The Board of ICA Gruppen has adopted the following long-term financial
Grow faster than the market
Good sales development and a strong market position are key factors in achieving and maintaining good profitability. This target applies to the Group’s grocery operations within ICA Sweden and Rimi Baltic, and to Apotek Hjärtat.
Outcome 2024
The grocery retail market in Sweden grew 4.1% in 2024 according to the Swedish Food Retail Index (DVI). Sales at ICA stores grew 5.8% in 2024. Growth in the pharmacy market according to Apoteksföreningen (Swedish Pharmacy Association) was 10.1%, while store sales for Apotek Hjärtat grew 11.2%. In other words, ICA and Apotek Hjärtat both reached the goal of growing faster than the market in 2024.
This also holds for Rimi Baltic, where store sales increased 4,2% while according to country statistics for the Baltics as a whole the market increased 3,1%. Rimi grew faster than the market in all three countries.
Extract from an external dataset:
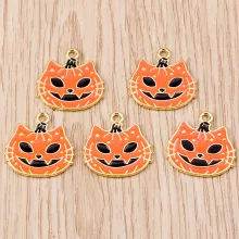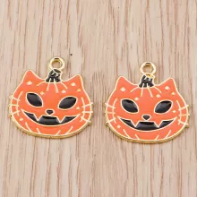 Get ready for Halloween fun with our 10-Piece Cartoon Enamel Halloween Pumpkin Cat Charms! These cute and festive pendants are the perfect addition to your jewelry-making arsenal. Measuring 0.59 x 0.79 inches (15 x 20 mm), these charming charms will add a playful touch to your earrings, necklaces, and other DIY crafts, making them a must-have for the spooky season.

Achieve an operating margin of 4.0%, excluding items affecting comparability and IFRS 16 Leases
The target level provides room for investments and a return on invested capital, and is at a good level for the industry. The target is measured excluding items affecting comparability and IFRS 16 Leases in order to better reflect trends and performance in ongoing operations.
Outcome 2024
The outcome for 2024 was 3.9%, somewhat lower than last year’s 4.0%. Adjusted for structural costs of SEK 265 million in 2023, the underlying operating margin for 2023 was 4.2%. The operating margin for Rimi Baltic remained unchanged, while Apotek Hjärtat’s margin increased. Lower margins for ICA Sweden (incl. structural costs for 2023), ICA Real Estate and ICA Bank, together with higher Group-wide costs (IT and new business) led to a weaker total operating margin.
Achieve a return on capital employed of 10.0%, excluding IFRS 16 Leases
The target level indicates that the Group is using capital effectively. ICA Bank is not included in the calculation because banking legislation stipulates that its assets and liabilities are not available to the Group. Instead ICA Bank has a target for return on equity that is a more appropriate target for banking operations. The effects from IFRS 16 Leases are also excluded for the metric to better reflect operational development.
Outcome 2024
The return amounted to 13.1%, compared with 13.3% for the previous year. Average capital employed excl. IFRS 16 Leases declined approximately SEK 3.8 billion. However, the performance measures also decreased, entailing a marginally lower level of return compared with 2023. Nonetheless the outcome was significantly higher than the target.
Net debt excl. ICA Bank and IFRS 16 Leases/EBITDA excl. IFRS 16 Leases <2x
A good balance between earnings and borrowing gives the Company the freedom and ability to act, even in times of recession. Effects from IFRS 16 Leases are excluded from this metric so that debt is linked to lending from the capital market and that EBITDA also includes, for example, rental costs.
Outcome 2024
Net debt decreased just over SEK 6 billion during the year, from SEK 20,659 million to SEK 14,605 million. Though EBITDA decreased nearly SEK 300 million, significantly lower net debt meant that the debt ratio decreased to 1.6x, compared with 2.2x one year ago.